Biden has expressed regret over how he handled Hill’s allegations in the past, but before we get into his most recent apology — here’s a brief history lesson. In 1991, President George H. W. Bush nominated Thomas for the Supreme Court. As CBS reported, Hill submitted a confidential statement to the Senate Judiciary Committee — the committee that holds hearings before the Senate votes to confirm federal judges, which includes Supreme Court justices — that said Thomas had sexually harassed her when they worked together 10 years before. The committee decided not to pursue these allegations, but Hill’s statement was leaked to the public. This caused women’s groups and Democrats in Congress to push the committee to pursue these allegations. Hill was summoned to give her testimony in front of the committee, and as chairman, Biden oversaw this hearing.

In 2016, HBO released Confirmation, a movie about Thomas’s confirmation hearing, which starred Kerry Washington as Hill. And now, 26 years after the original incident, Biden is speaking out about what he could have done better in that hearing.

"I wish I had been able to do more for Anita Hill," Biden said to Teen Vogue. "I owe her an apology."

Like with almost all cases of sexual harassment allegations against a politician, things were — well, what else? — political. Since Thomas was nominated by a Republican president, Republicans wanted Thomas to be confirmed. “My one regret is that I wasn’t able to tone down the attacks on her by some of my Republican friends. I mean, they really went after her,” Biden said. “As much as I tried to intervene, I did not have the power to gavel them out of order. I tried to be like a judge and only allow a question that would be relevant to ask.”

“I believed Anita Hill. I voted against Clarence Thomas,” Biden said. But the Senate confirmed Thomas’ nomination nonetheless. So Biden said that he tried to change the face of the Senate Judiciary Committee for future hearings. “I campaigned for two women Senators on the condition that if they won they would come on the Judiciary Committee, so there would never be again all men making a judgment on this,” Biden said.

However, as recently as November 2017, Hill has made it clear that she thinks Biden mishandled the situation — and it still bothers her. On a previous apology from Biden, Hill told The Washington Post:

"I still don’t think it takes ownership of his role in what happened. And he also doesn't understand that it wasn't just that I felt it was not fair. It was that women were looking to the Senate Judiciary Committee and his leadership to really open the way to have these kinds of hearings. They should have been using best practices to show leadership on this issue on behalf of women's equality.
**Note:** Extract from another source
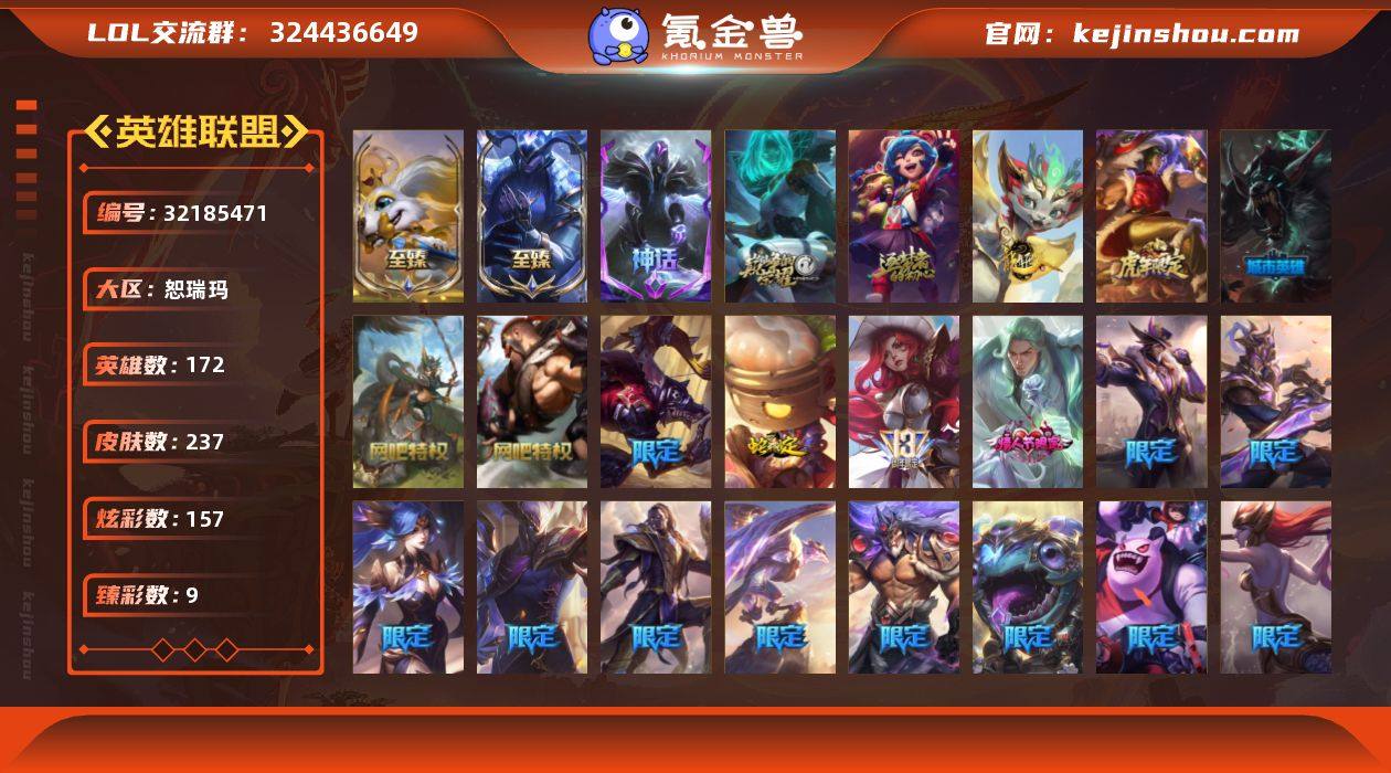 未定级段位-172英雄-237皮肤-157炫彩-0终极-8神话-28限定-25传说-54史诗 【神话皮肤】:十周年纪念安妮,源代码乐芙兰,神凰行者瑞羽圣凰艾尼维亚,灰烬骑士派克,至臻DRX亚托克斯,至臻绒毛菲兹 【至臻皮肤】:至臻暗裔英雄嘉文四世,至臻绒毛菲兹,至臻DRX亚托克斯,至臻T1塞拉斯 【臻彩皮肤】:无畏骑士瑟庄妮赤子初心,冠军之血希瓦娜凯旋圣装,冠军之隐劫凯旋圣装,星之守护者卡莎热情之光,破败军团厄运小姐灵岛征伐使,可爱可爱粉红红布里茨,春晖神女艾希玉露金风,魔女阿卡丽虚荣 【年限皮肤】:龙腾虎跃瑟提,天龙之子斯莫德,点心宝贝阿木木 【情人节限定】:水晶玫瑰斯维因 【冰雪限定】:幸福女神乐芙兰,圣诞精灵崔丝塔娜,圣诞捣蛋鬼金克丝 【限定皮肤】:暗杀星努努和威朗普,SKTT1娜美,FPX锤石,EDG厄斐琉斯,女帝厄运小姐,暗裔英雄盖伦,胜利之剑亚托克斯,胜利枪神卢锡安,胜利凤凰艾尼维亚,胜利之王泰达米尔,胜利巨口克格莫,胜利女神娑娜,胜利剑圣易,胜利之运崔斯特,胜利女神菲奥娜,灵魂收割者索拉卡,暗影沃里克,野兽猎人德莱文,野兽猎人瑟庄妮,都铎王朝图奇 【传说皮肤】:战地机甲厄加特,大天使长米迦勒凯尔,恶魔男爵瑞兹,日蚀骑士希维尔,提莫约德尔人的一大步,女皇艾希,恶魔之刃泰达米尔,鬼魂新娘莫甘娜,黯晶凤凰艾尼维亚,冰霜之刃艾瑞莉娅,丧尸布兰德,第三类接触黑默丁格,星之守护者阿卡丽,西部魔影大小姐蕾欧娜,黎明使者锐雯,苍穹之光韦鲁斯,宇航员诺提勒斯,金牌主播德莱文,灌篮高手德莱厄斯,青花瓷奥瑞利安索尔,暗星尊烬,西部天使赛娜,西部魔影卢锡安,天煞劫,真实伤害艾克 【史诗皮肤】:科学怪熊的新娘安妮,圣光审判凯尔,侍魂易,战场公主希维尔,钢铁之心希维尔,月光女神阿忒弥斯索拉卡,兔宝宝提莫,熊猫提莫,火箭达人崔丝塔娜,法国皇室...

And they did just the opposite."


Another element that Biden reflected on to Teen Vogue was how other women were supposed to come in and back up Hill’s testimony.

"I wasn't able to convince three women we'd subpoenaed to cooperate with testimony. At the last minute, they changed their mind and said they wouldn't do it. I had them sign an affidavit saying, 'I want you to come, and you're saying, No, I will not come.' In retrospect, some, including Anita, think I should have subpoenaed them no matter what." Biden said. "The reason I didn't, I was worried they would come and not corroborate what she said and make — I mean, Clarence Thomas only won by two votes. And we still thought we had a chance at beating him."

Biden is speaking about this now because, amid all of the allegations, he recognizes that public perception of sexual harassment and assault needs to change. “We’re now at a point here where we have a chance to change the culture,” Biden said.

So despite what Biden did to hurt the cause in the past, he is advocating for the culture to change. “I’ve gotten asked by press a lot of the last 23 years, how will I know when I’ve succeeded. We will have succeeded when not a single woman who is abused ever, ever, ever asks herself, ‘What did I do?’” he said.

While we’d prefer that no woman — or man — is ever sexually abused ever again, that’s a pretty good place to start.